Resolutions to Ring in the New Year

'WITH the rich and mighty," decrees an old Spanish proverb, "a little patience."

Ever mindful of the wisdom of Spanish proverbs, I have been waiting patiently for the richest and mightiest to make New Year's resolutions.

I haven't heard any.

The rich probably don't need to make resolutions except, perhaps, to share the wealth. The mighty are doubtless so busy doing whatever you do to achieve mightiness that they haven't had the time.

Ergo, as a service to these awesome folk, a few resolutions:

*President Clinton - Ralph Waldo Emerson claimed that consistency is the hobgoblin of little minds; try to remember that Emerson didn't know everything.

*The Republican leadership in Congress - In considering the allocation of the nation's resources, keep in mind that the rich are few and the needy numerous.

*Sen. Bob Dole - Nobody's ever heard you chortle. Study chortling. People want a bit of jollity in their presidential candidates.

*Speaker Newt Gingrich - Time magazine made you Man of The Year for 1995. That was then. This is now. Study importance. You're slipping.

*Senate minority leader Tom Daschle - You aren't taking the Democrats much of anywhere. Maybe they can't figure out how to pronounce your last name. Tell them.

*Queen Elizabeth II of Great Britain, Northern Ireland, etc. - Adopt a batch of new children and start over.

*Oliver Stone - You get into trouble because you make fanciful movies about contemporary presidents whose surviving families protest.
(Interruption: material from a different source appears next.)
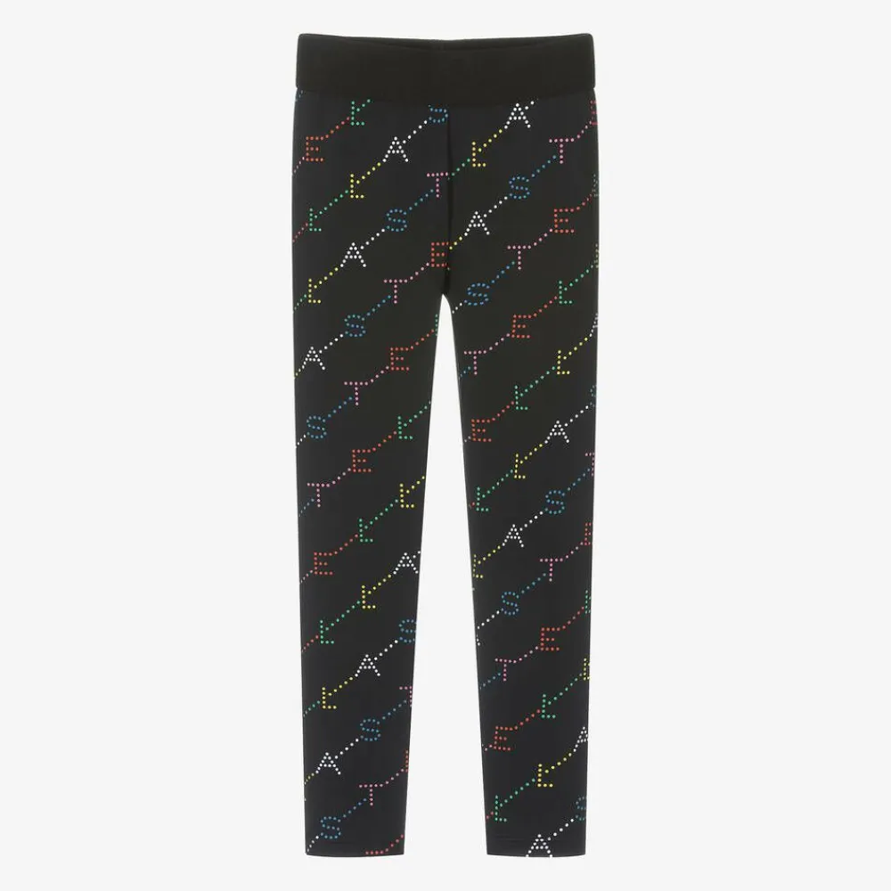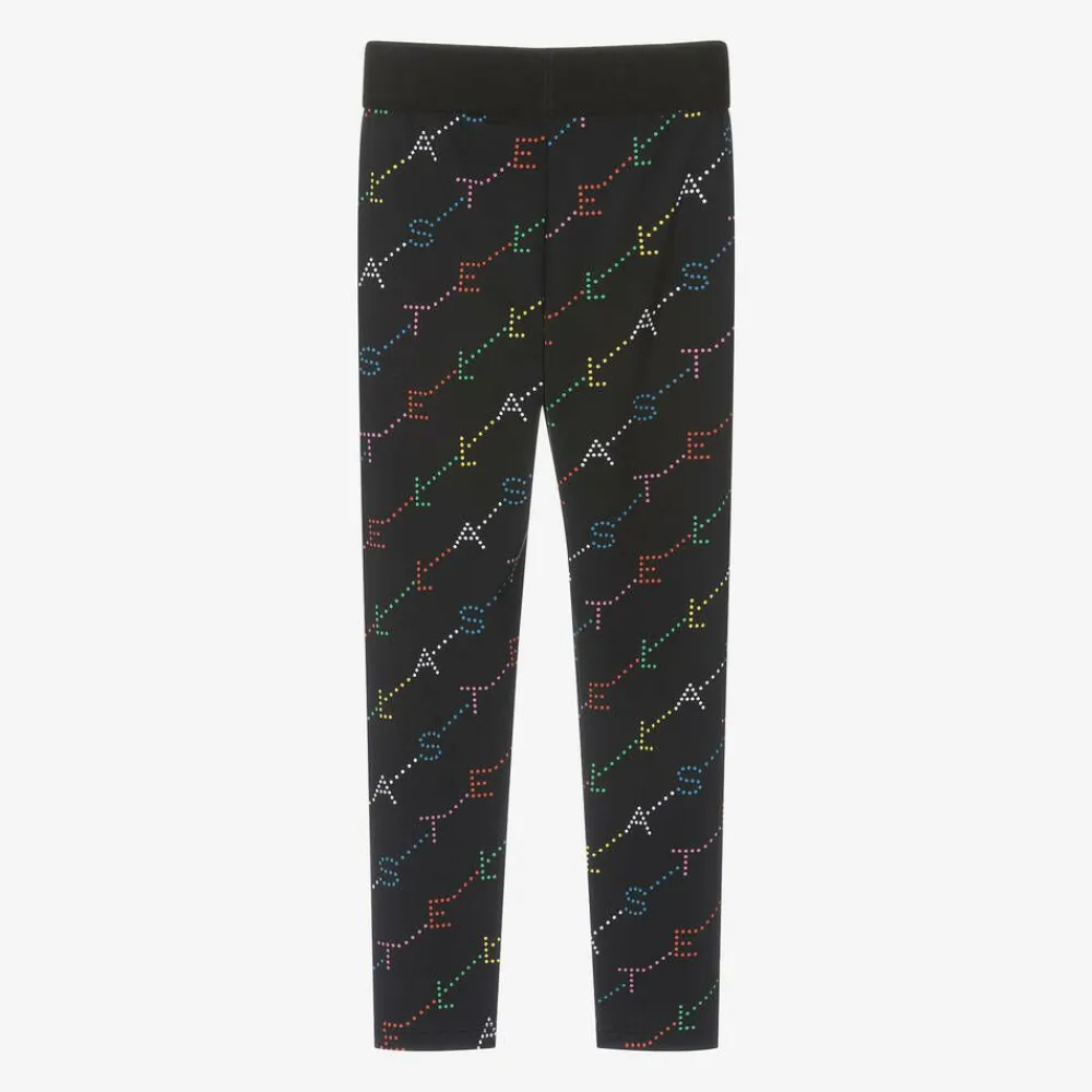 Black leggings for girls by Stella McCartney Kids with a colourful, diagonal logo design for instant designer appeal. Silky and stretchy, this sporty style is made from recycled material, ideal for casual, comfortable wear. The Stella McCartney fit can be quite small so choose a size up if you want room to grow.

Try Franklin Pierce. You could claim that, in his secret alter ego, he was Batman.

*French President Jacques Chirac - Stop messing up the Pacific with nuclear tests. Instead, dedicate France's power and prestige to helping Brigitte Bardot save baby seals.

*Boris Yeltsin - You have no political party. Form one. A Temperance Party. Do you and Russia a world of good.

*Bill Watterson - Reconsider. Do not retire "Calvin and Hobbes." It is one of the few real - that is, funny - comic strips around.

*Everybody Else - Enjoy 1996. Don't just endure it. It is reasonable to expect that people in Bosnia will stop fighting, that Michael Jackson will get a haircut and go away, that the federal government will reopen in time for all of us to see the Winslow Homer exhibit as well as Vermeer, that the movies will continue to adapt Jane Austen novels until they run out, and that Bill Gates will invent computer software to help all of us who don't understand computer software.